John Tague will retire Jan. 2 as part of a realignment that includes the departure of Hertz’s three longest-serving directors, and Kathryn Marinello — most recently a senior adviser to Ares Capital Management — will take over the next day, Hertz said in a statement Tuesday. Hertz, which has lost more than half its value this year, slipped 3.4 percent at 9:56 a.m. Wednesday after surging Tuesday on speculation Icahn was taking it private.
“Shareholders have been very frustrated and vocal about the disappointing performance this year and a change at the top” should help reset the company, Christopher Agnew, an analyst at MKM Partners LLC, wrote in a note today. The largest publicly held U.S. rental-car company missed analysts’ earnings estimates in all but two quarters since 2013.
Icahn, who more than doubled his stake in Hertz to 35 percent last month after a wide earnings miss drove the shares down, said he backs the choice. With Marinello, Hertz gains a new boss who has been a CEO before and serves on several boards, including those of General Motors Co. and truckmaker Volvo AB. She served as the CEO at two companies — Stream Global Services Inc. and Ceridian Corp. — between 2006 and 2014 after running GE Capital’s Consumer Financial Services business.
“I am excited about Hertz and its prospects with Kathy at the helm,” Icahn said in the statement. “She was extremely well-regarded at GE and successfully turned around Ceridian and Stream.”
Tague will get a severance payment of $3.68 million and no bonus for 2016 or 2017, Hertz said in a regulatory filing yesterday. Marinello will have an annual base salary of $1.45 million.
Tague, a former airline executive, took over in 2014 after former CEO Mark Frissora stepped down in the wake of accounting problems at the company and shortly after Icahn took a large stake. Tague was chosen over rental industry veteran Scott Thompson, who ran Dollar Thrifty before it was bought by Hertz. Several years of financial reports were restated.
The company’s latest earnings miss happened because used-car prices were falling, revenue was slumping and fixing the operations was proving difficult, Tague said at the time. “I underestimated the depth and the breadth and the complexity of the transformation we are now undertaking at this company,” he said on a conference call. “We are behind schedule and we are challenged earlier than we thought.”

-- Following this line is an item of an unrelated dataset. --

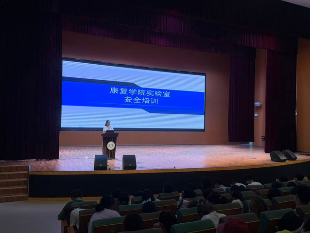 随后,康复学院实践教学中心主任李静为同学们进行实验室安全教育。实验技能是科研能力的基础,但安全永远放在首位。希望通过专业培训和实践演练,确保每位学生都能掌握必要的安全知识,遵守实验室规则,预防意外情况。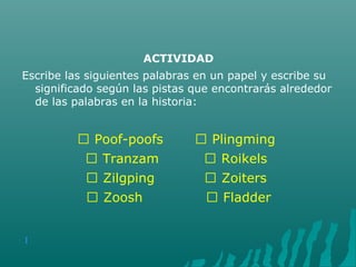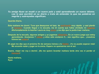 Ryan se mudó a un nuevo país y está aprendiendo el nuevo idioma. En su diario, describe su día y usa palabras en el nuevo idioma, como "poof-poofs" para el desayuno, "tramzam" para el autobús, y "fladder" para la playa. Con pistas del contexto, los estudiantes deben adivinar los significados de estas palabras.

Hertz lost market share as the company tried to increase prices, said Maryann Keller, an independent auto consultant and former board member of Dollar Thrifty Automotive Group, which sold to Hertz in 2012.
“He made the assumption that the rental business is an oligopoly,” Keller said. “He thought they could raise prices and charge fees like the airlines. It’s a competitive business.”
Hertz also said three directors have chosen to leave the board: Nonexecutive Chairman Linda Fayne Levinson, Carl Berquist and Michael Durham will depart Jan. 2. Henry Keizer was elected to replace Fayne Levinson as nonexecutive chairman. After the departures, Hertz will have only seven directors.